[WHAT IS REQUIRED] What is needed is the exact text of each line in the listing below from the one with "Kompletně přepracovaný byl" up to and including the one with "数理技術部 西田 大氏)」", and no pictures.

[PROVIDED RECORDS]
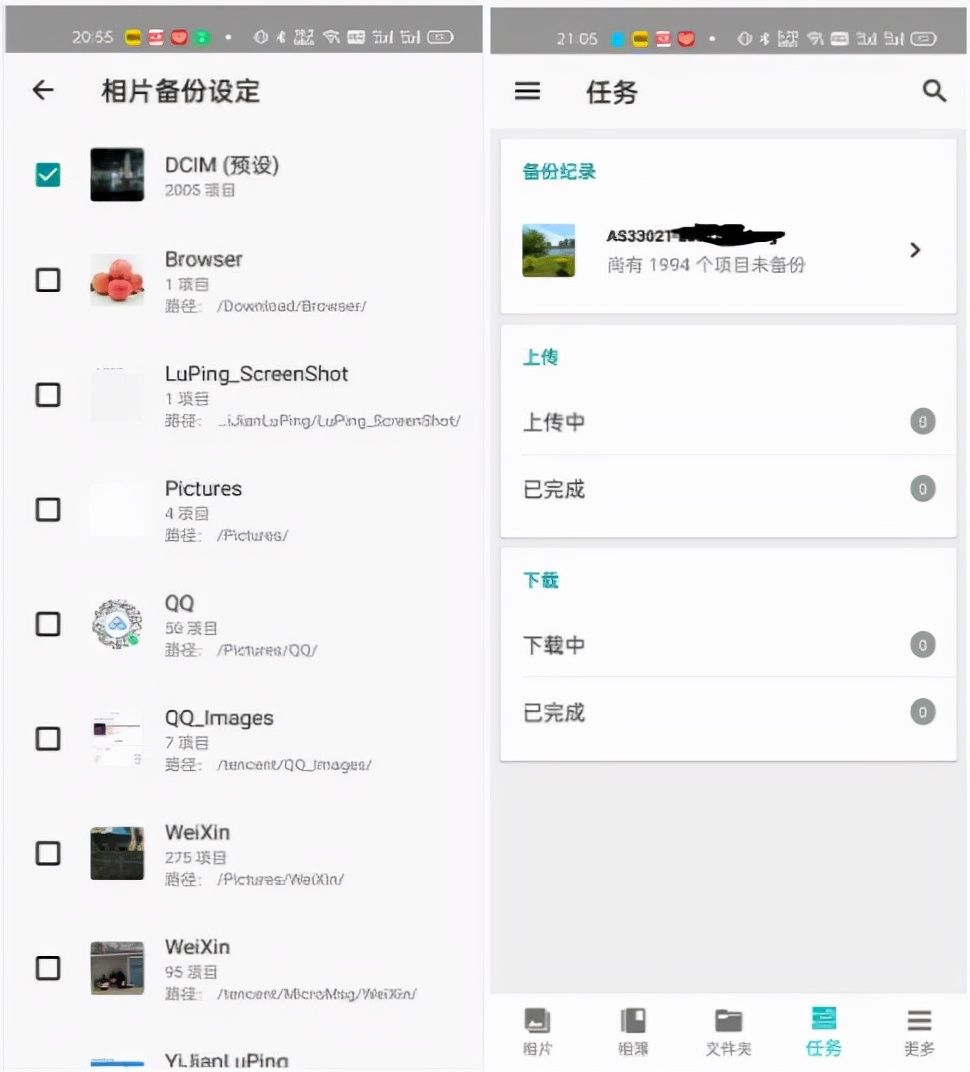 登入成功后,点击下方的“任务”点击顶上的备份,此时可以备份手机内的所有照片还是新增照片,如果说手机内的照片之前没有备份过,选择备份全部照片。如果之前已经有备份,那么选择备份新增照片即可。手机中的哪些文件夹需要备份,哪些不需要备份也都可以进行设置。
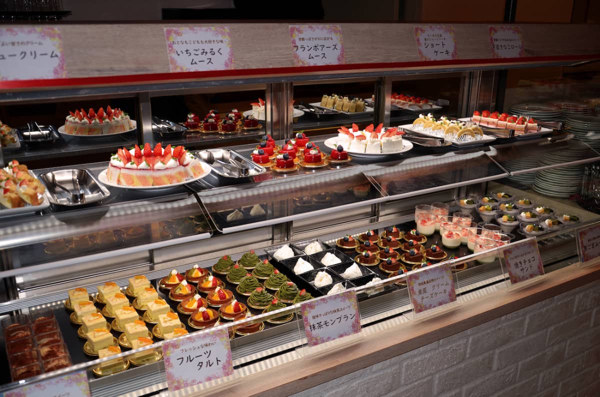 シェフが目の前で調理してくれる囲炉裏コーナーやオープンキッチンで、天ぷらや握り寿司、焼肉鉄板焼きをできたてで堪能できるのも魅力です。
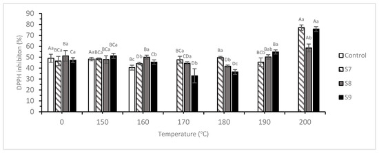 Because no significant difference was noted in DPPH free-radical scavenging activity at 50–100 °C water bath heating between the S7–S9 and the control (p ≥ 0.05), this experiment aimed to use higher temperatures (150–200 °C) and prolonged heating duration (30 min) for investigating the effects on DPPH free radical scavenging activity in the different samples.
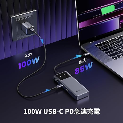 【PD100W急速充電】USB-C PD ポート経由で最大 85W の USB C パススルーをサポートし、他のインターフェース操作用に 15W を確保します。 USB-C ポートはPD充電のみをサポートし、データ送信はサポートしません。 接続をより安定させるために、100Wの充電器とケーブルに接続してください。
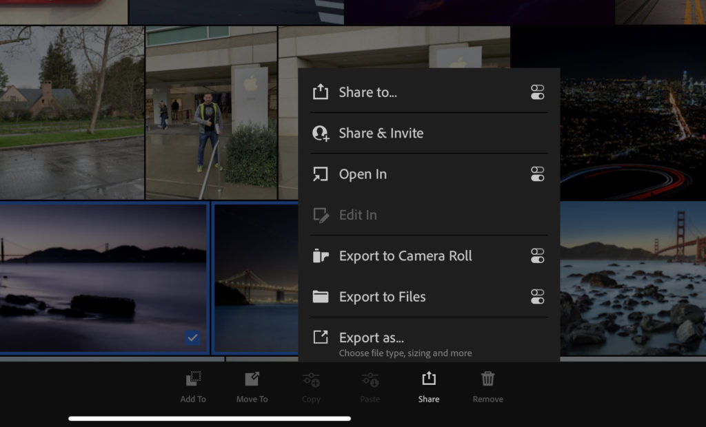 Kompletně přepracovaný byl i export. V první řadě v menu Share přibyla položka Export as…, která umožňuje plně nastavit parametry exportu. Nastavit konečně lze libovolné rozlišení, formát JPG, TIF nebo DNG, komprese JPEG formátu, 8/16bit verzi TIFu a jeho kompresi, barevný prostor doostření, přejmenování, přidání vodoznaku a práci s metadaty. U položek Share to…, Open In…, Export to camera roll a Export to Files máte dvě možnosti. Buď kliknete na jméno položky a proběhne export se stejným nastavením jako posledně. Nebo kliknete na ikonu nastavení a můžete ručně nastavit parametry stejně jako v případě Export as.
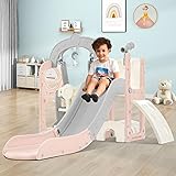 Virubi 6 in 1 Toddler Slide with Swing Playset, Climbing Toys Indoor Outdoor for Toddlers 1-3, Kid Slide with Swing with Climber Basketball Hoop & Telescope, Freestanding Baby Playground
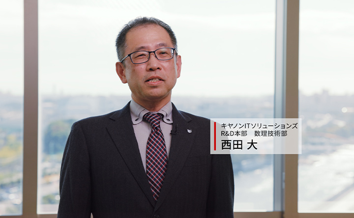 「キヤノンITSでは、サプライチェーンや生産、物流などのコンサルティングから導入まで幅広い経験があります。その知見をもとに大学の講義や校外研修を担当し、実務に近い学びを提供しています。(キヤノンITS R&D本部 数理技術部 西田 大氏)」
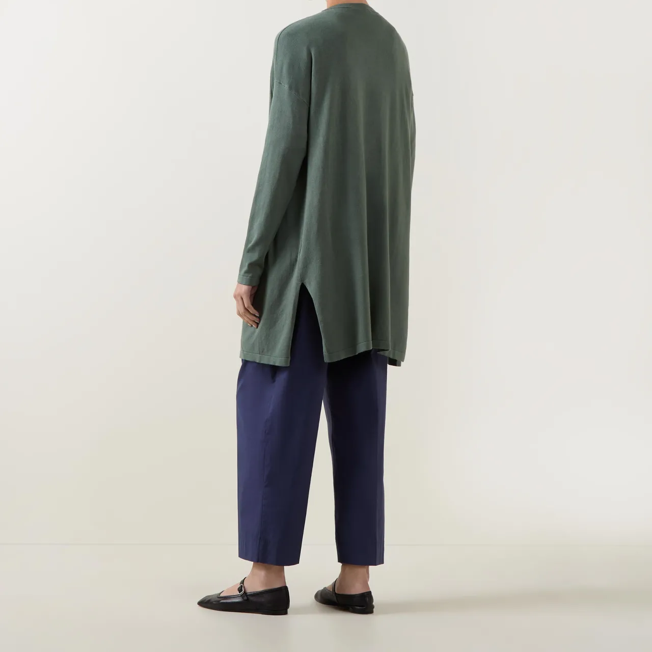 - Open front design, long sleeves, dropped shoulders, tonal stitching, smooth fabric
--
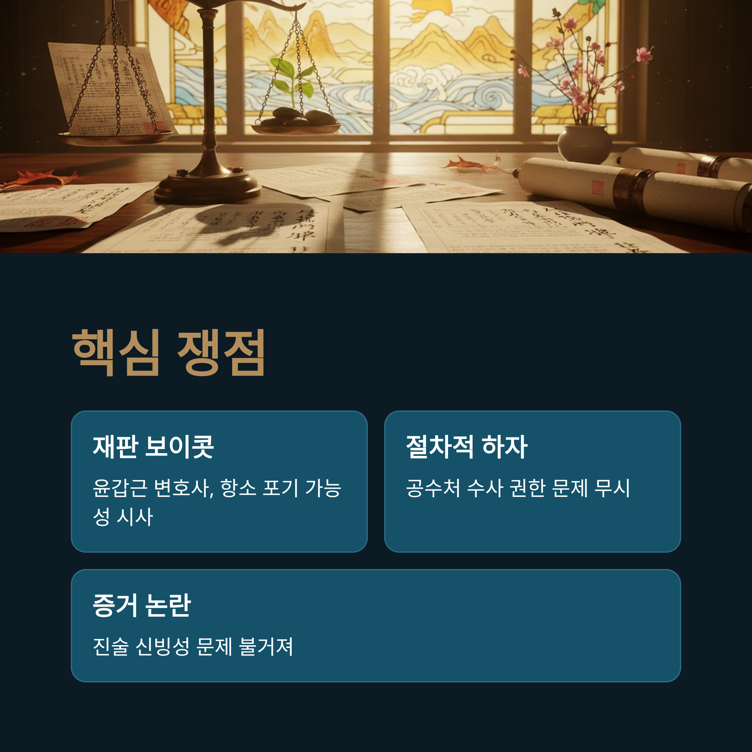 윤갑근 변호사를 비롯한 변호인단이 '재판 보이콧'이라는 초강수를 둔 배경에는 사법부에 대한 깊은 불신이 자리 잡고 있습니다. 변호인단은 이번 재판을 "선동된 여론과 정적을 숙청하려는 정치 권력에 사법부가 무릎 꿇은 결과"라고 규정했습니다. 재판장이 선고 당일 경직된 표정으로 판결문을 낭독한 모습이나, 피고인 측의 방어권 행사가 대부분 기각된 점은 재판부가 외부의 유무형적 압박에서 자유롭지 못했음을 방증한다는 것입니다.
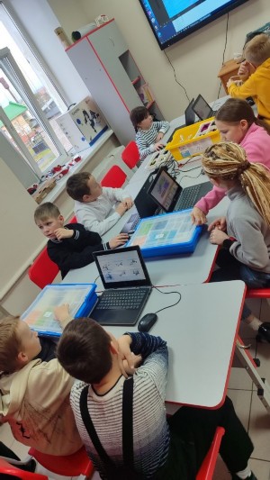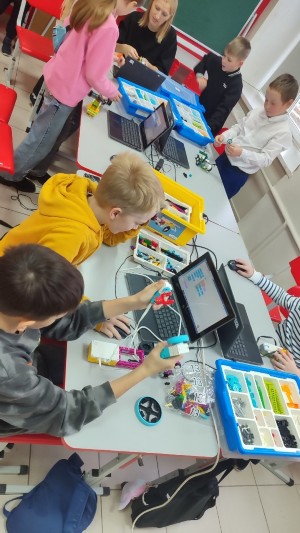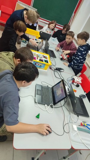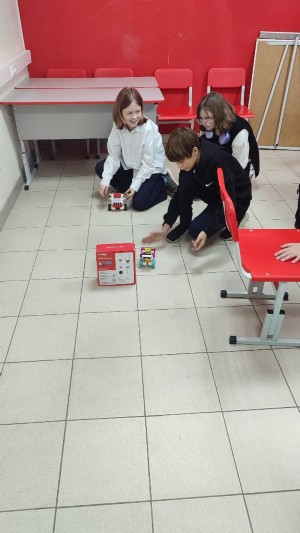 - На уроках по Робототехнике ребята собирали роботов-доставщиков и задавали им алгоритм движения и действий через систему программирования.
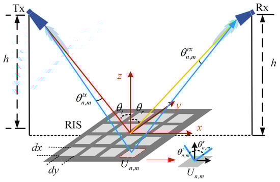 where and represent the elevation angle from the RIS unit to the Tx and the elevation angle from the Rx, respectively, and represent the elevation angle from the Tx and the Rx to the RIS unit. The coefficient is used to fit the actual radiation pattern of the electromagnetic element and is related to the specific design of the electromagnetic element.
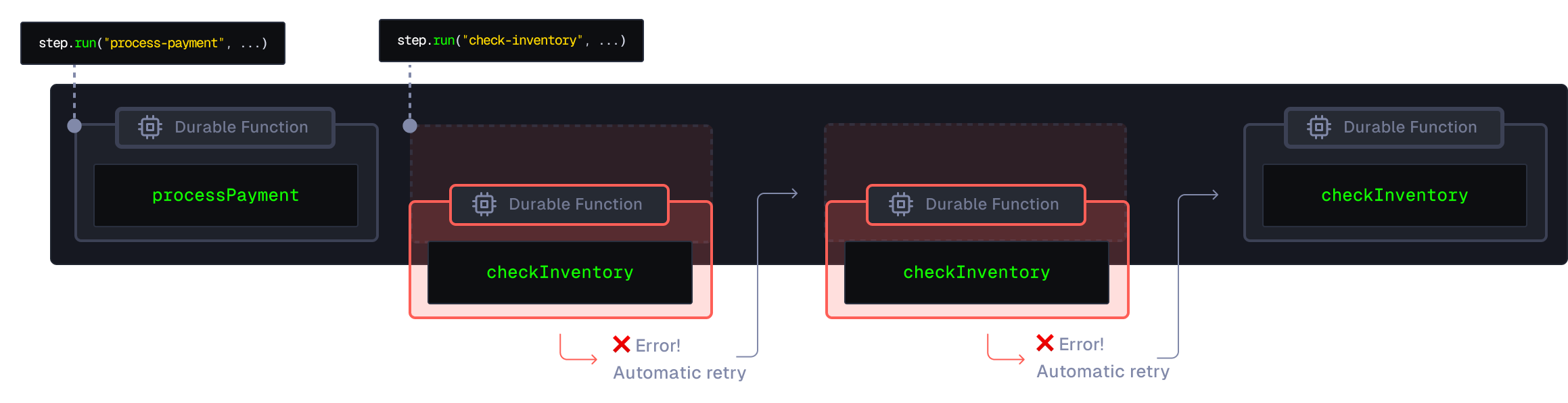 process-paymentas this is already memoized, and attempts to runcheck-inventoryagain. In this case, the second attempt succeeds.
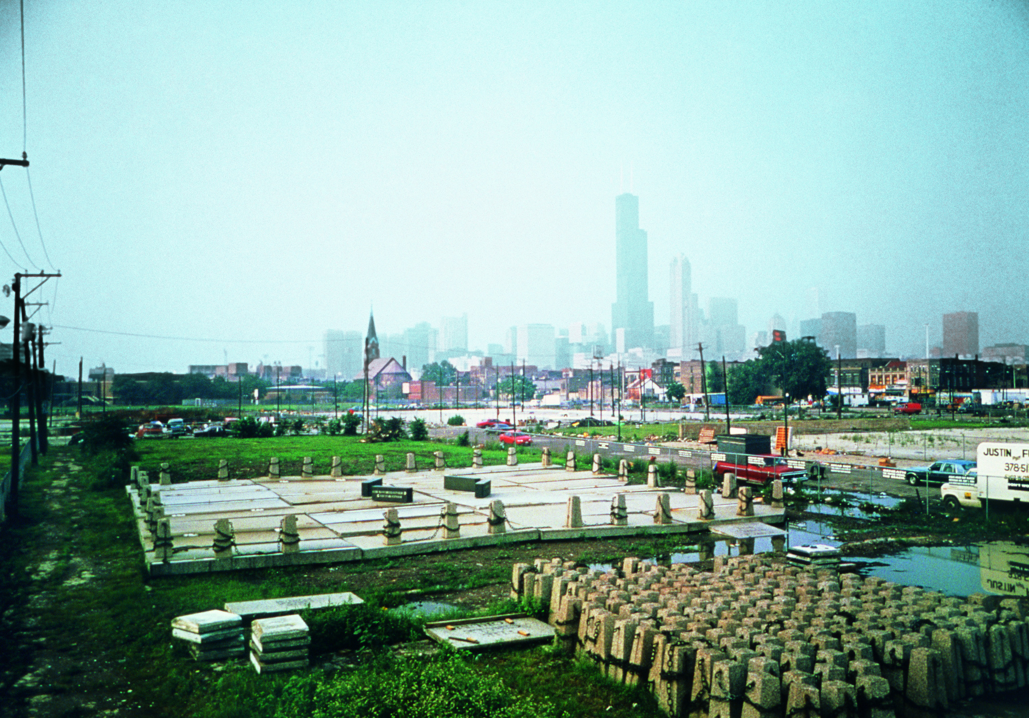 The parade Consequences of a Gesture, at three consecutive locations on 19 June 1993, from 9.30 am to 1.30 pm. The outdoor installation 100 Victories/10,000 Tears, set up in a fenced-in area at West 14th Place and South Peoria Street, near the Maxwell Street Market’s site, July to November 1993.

[RESPONSE AREA]
 Kompletně přepracovaný byl i export. V první řadě v menu Share přibyla položka Export as…, která umožňuje plně nastavit parametry exportu. Nastavit konečně lze libovolné rozlišení, formát JPG, TIF nebo DNG, komprese JPEG formátu, 8/16bit verzi TIFu a jeho kompresi, barevný prostor doostření, přejmenování, přidání vodoznaku a práci s metadaty. U položek Share to…, Open In…, Export to camera roll a Export to Files máte dvě možnosti. Buď kliknete na jméno položky a proběhne export se stejným nastavením jako posledně. Nebo kliknete na ikonu nastavení a můžete ručně nastavit parametry stejně jako v případě Export as.
 Virubi 6 in 1 Toddler Slide with Swing Playset, Climbing Toys Indoor Outdoor for Toddlers 1-3, Kid Slide with Swing with Climber Basketball Hoop & Telescope, Freestanding Baby Playground
 「キヤノンITSでは、サプライチェーンや生産、物流などのコンサルティングから導入まで幅広い経験があります。その知見をもとに大学の講義や校外研修を担当し、実務に近い学びを提供しています。(キヤノンITS R&D本部 数理技術部 西田 大氏)」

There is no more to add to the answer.